Work instructions: In the records below, find the line containing "Saumon atlantique (Salmo" and transcribe it and every line after it exactly; leave the pictures out.

Provided records:

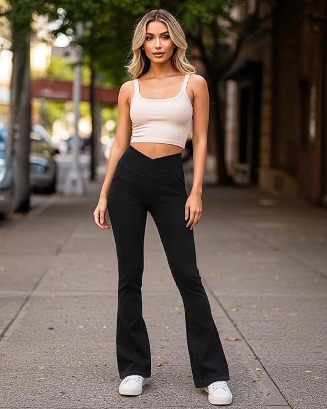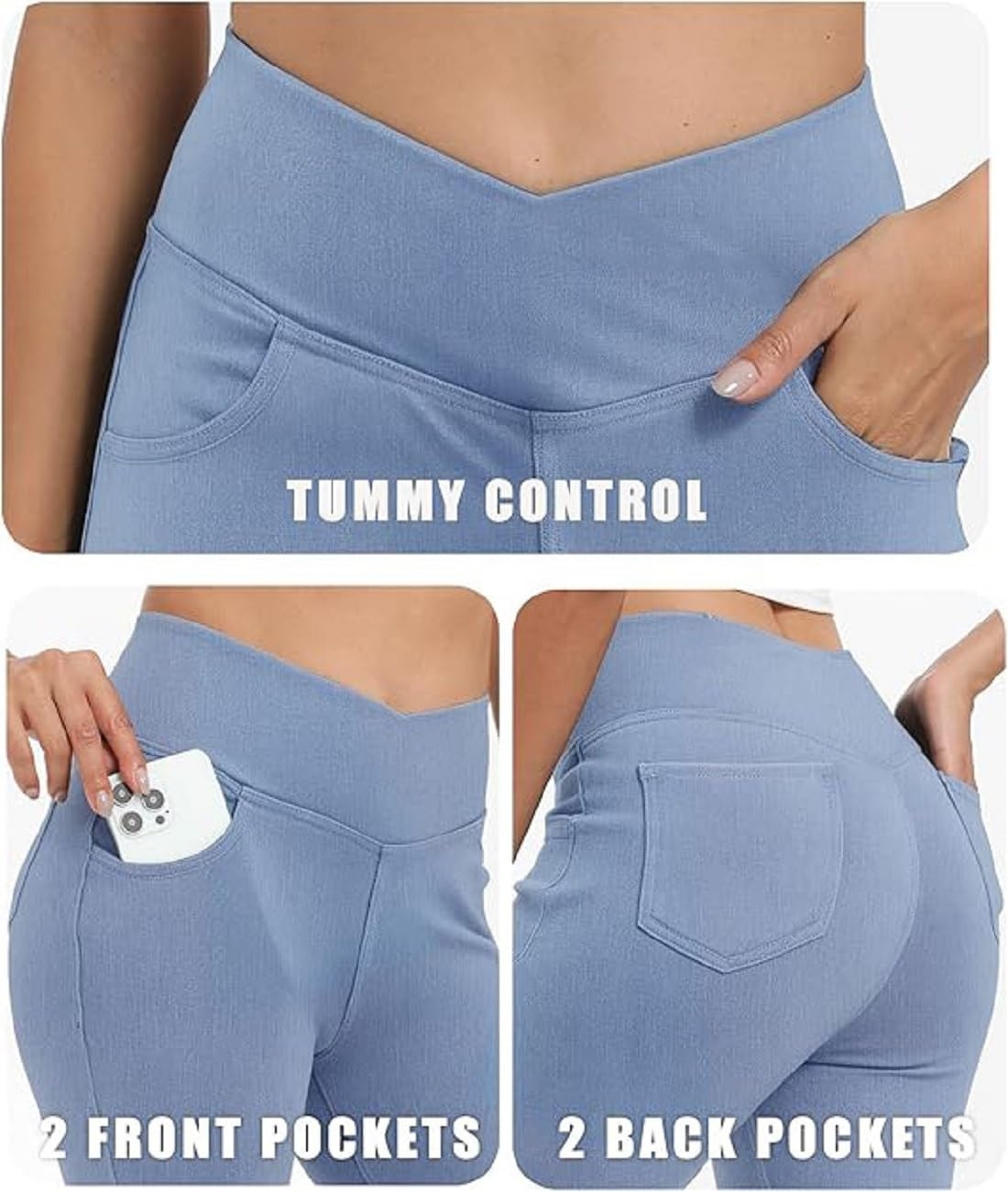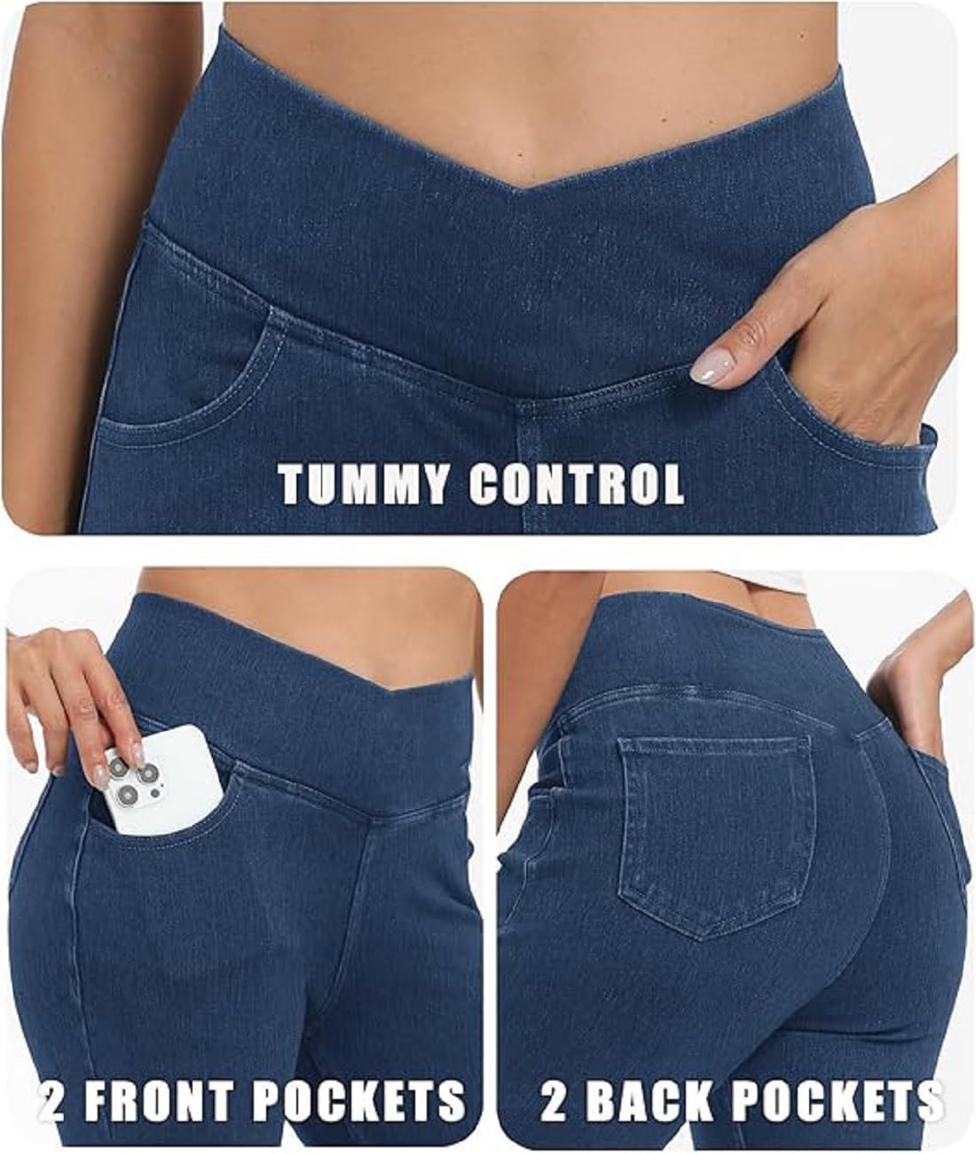 ADBUCKS Flared Jeggings for Women High Waisted Bell Bottom Jeans Trendy Stretchy Flare Jeggings with Pockets
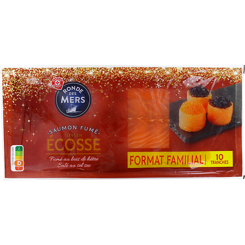 Saumon atlantique (Salmo salar) élevé en Ecosse (Royaume-Uni), fumé RONDE DES MERS
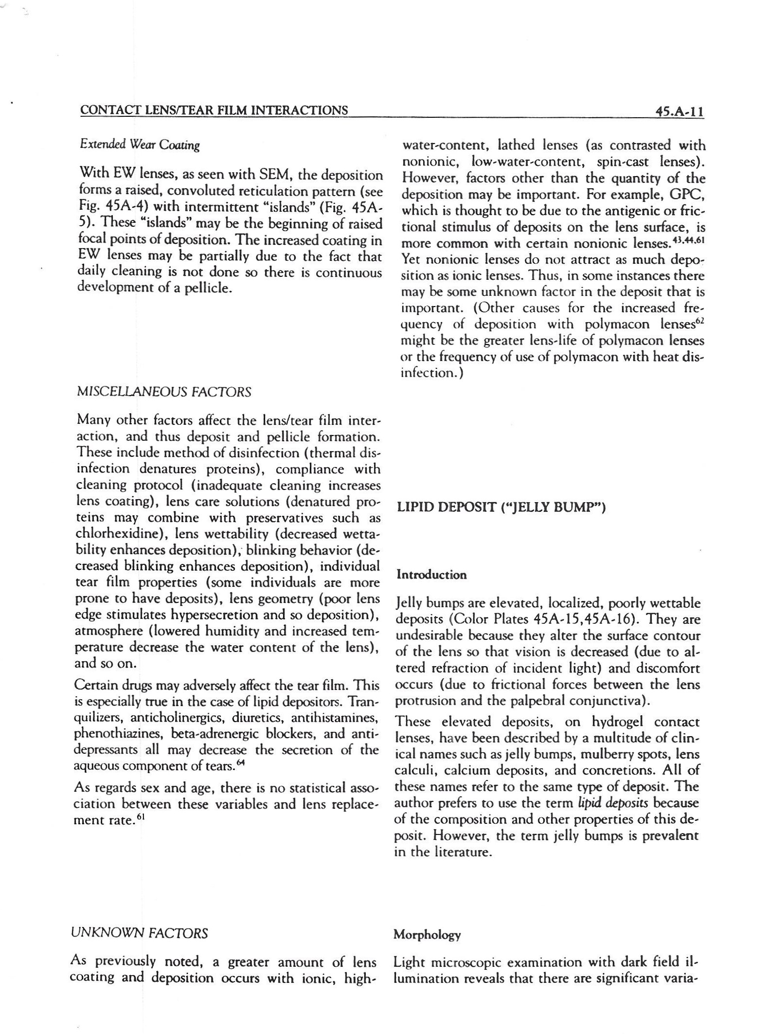 45A11 ◄ Back Next ► Picture 13 of 29 Click here for Clinical Contact Lens Practice, Chapter 33, Deposits Coatings: Hydrogel Lens/ Tear-Film Interactions Life Cycle of a Soft Contact Lens: Pathological and Normal Tear Film Interactions
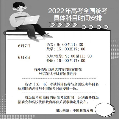 近日,教育部印发《关于做好2022年普通高校招生工作的通知》,对2022年普通高校招生工作作出部署。据了解,今年高考全国统考将于6月7日、8日举行,具体科目考试时间安排为:6月7日9:00至11:30语文,15:00至17:00数学;6月8日9:00至11:30文科综合/理科综合,15:00至17:00外语,有外语听力测试内容的应安排在外语笔试考试开始前进行。各省(区、市)考试科目名称与全国统考科目名称相同的必须与全国统考时间安排一致。
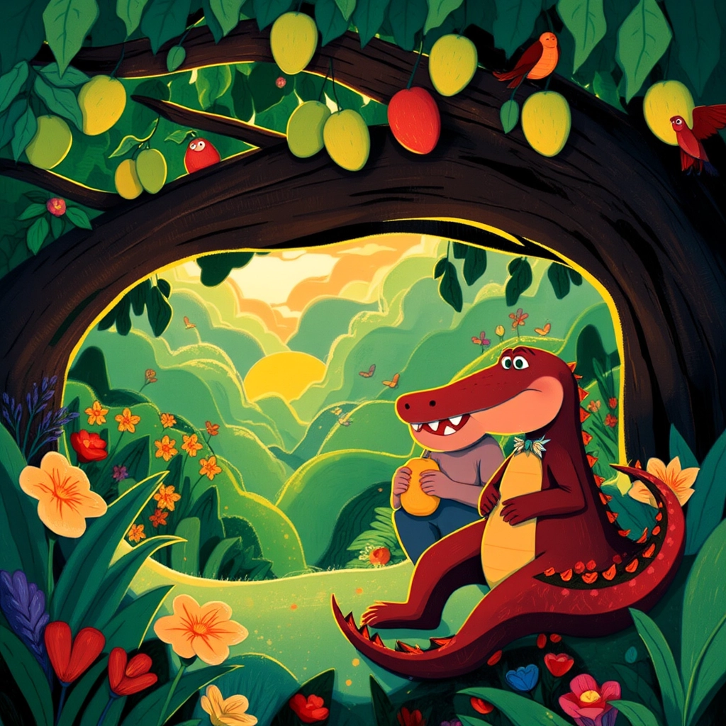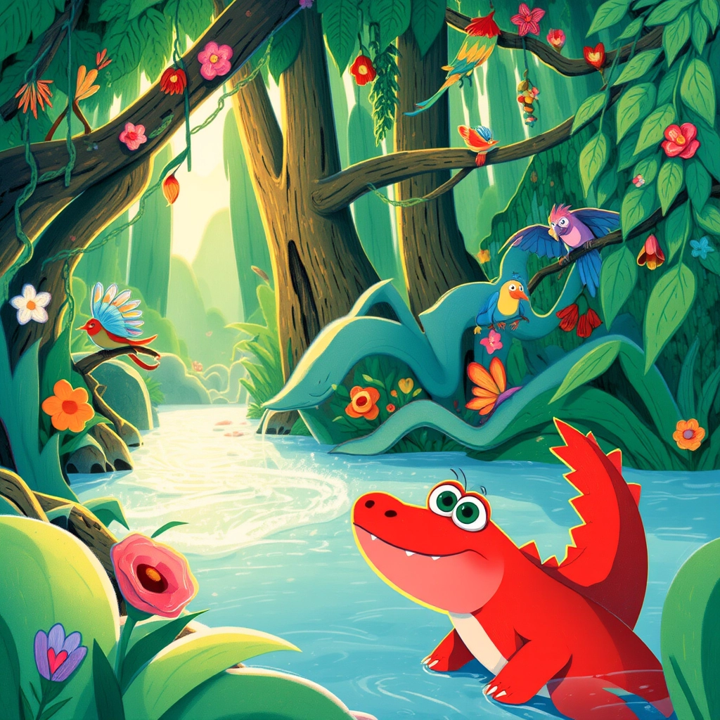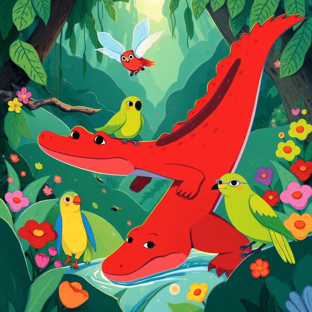 In the heart of a vast, green jungle, there lived a very unusual crocodile named [Crimson](25MJV6VP). [Crimson](25MJV6VP) wasn't like other crocodiles—he was bright red like a ripe tomato and loved to explore!
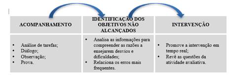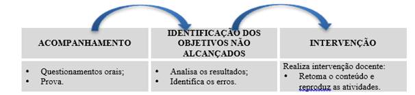 Há demonstração, ainda, de uma preocupação com o redimensionamento da ação docente, indicativo de que a avaliação constitui um momento oportuno para avaliar o trabalho levado a termo por elas, em relação ao desenvolvimento dos alunos (DEPRESBISTERIS, 1999; LUCKESI, 2011; MOREIRA, 2005). Nota-se um estado orientado para a adequação do ensino, de forma a propiciar a operacionalização de situações favoráveis à aprendizagem, ajustando as intervenções aos obstáculos que se apresentam.
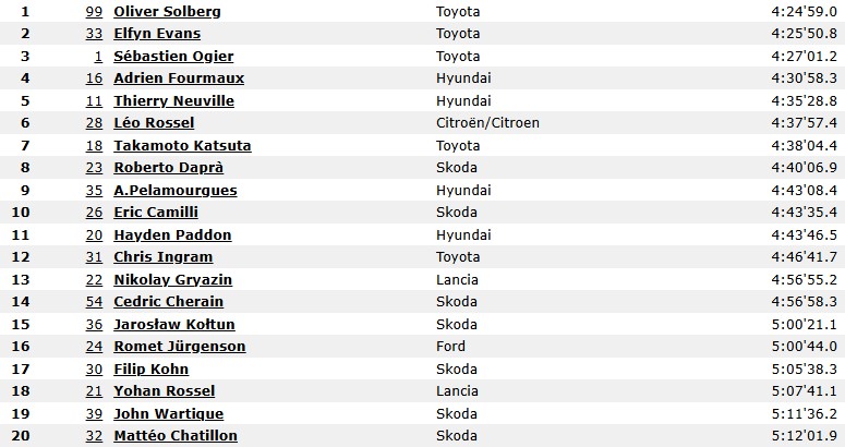 Solberg cerró el rally con 52 segundos de ventaja sobre Evans y con algo más de dos minutos sobre el nueve veces campeón del mundo Ogier.

Answer to the problem:
 Saumon atlantique (Salmo salar) élevé en Ecosse (Royaume-Uni), fumé RONDE DES MERS
 45A11 ◄ Back Next ► Picture 13 of 29 Click here for Clinical Contact Lens Practice, Chapter 33, Deposits Coatings: Hydrogel Lens/ Tear-Film Interactions Life Cycle of a Soft Contact Lens: Pathological and Normal Tear Film Interactions
 近日,教育部印发《关于做好2022年普通高校招生工作的通知》,对2022年普通高校招生工作作出部署。据了解,今年高考全国统考将于6月7日、8日举行,具体科目考试时间安排为:6月7日9:00至11:30语文,15:00至17:00数学;6月8日9:00至11:30文科综合/理科综合,15:00至17:00外语,有外语听力测试内容的应安排在外语笔试考试开始前进行。各省(区、市)考试科目名称与全国统考科目名称相同的必须与全国统考时间安排一致。
 In the heart of a vast, green jungle, there lived a very unusual crocodile named [Crimson](25MJV6VP). [Crimson](25MJV6VP) wasn't like other crocodiles—he was bright red like a ripe tomato and loved to explore!
 Há demonstração, ainda, de uma preocupação com o redimensionamento da ação docente, indicativo de que a avaliação constitui um momento oportuno para avaliar o trabalho levado a termo por elas, em relação ao desenvolvimento dos alunos (DEPRESBISTERIS, 1999; LUCKESI, 2011; MOREIRA, 2005). Nota-se um estado orientado para a adequação do ensino, de forma a propiciar a operacionalização de situações favoráveis à aprendizagem, ajustando as intervenções aos obstáculos que se apresentam.
 Solberg cerró el rally con 52 segundos de ventaja sobre Evans y con algo más de dos minutos sobre el nueve veces campeón del mundo Ogier.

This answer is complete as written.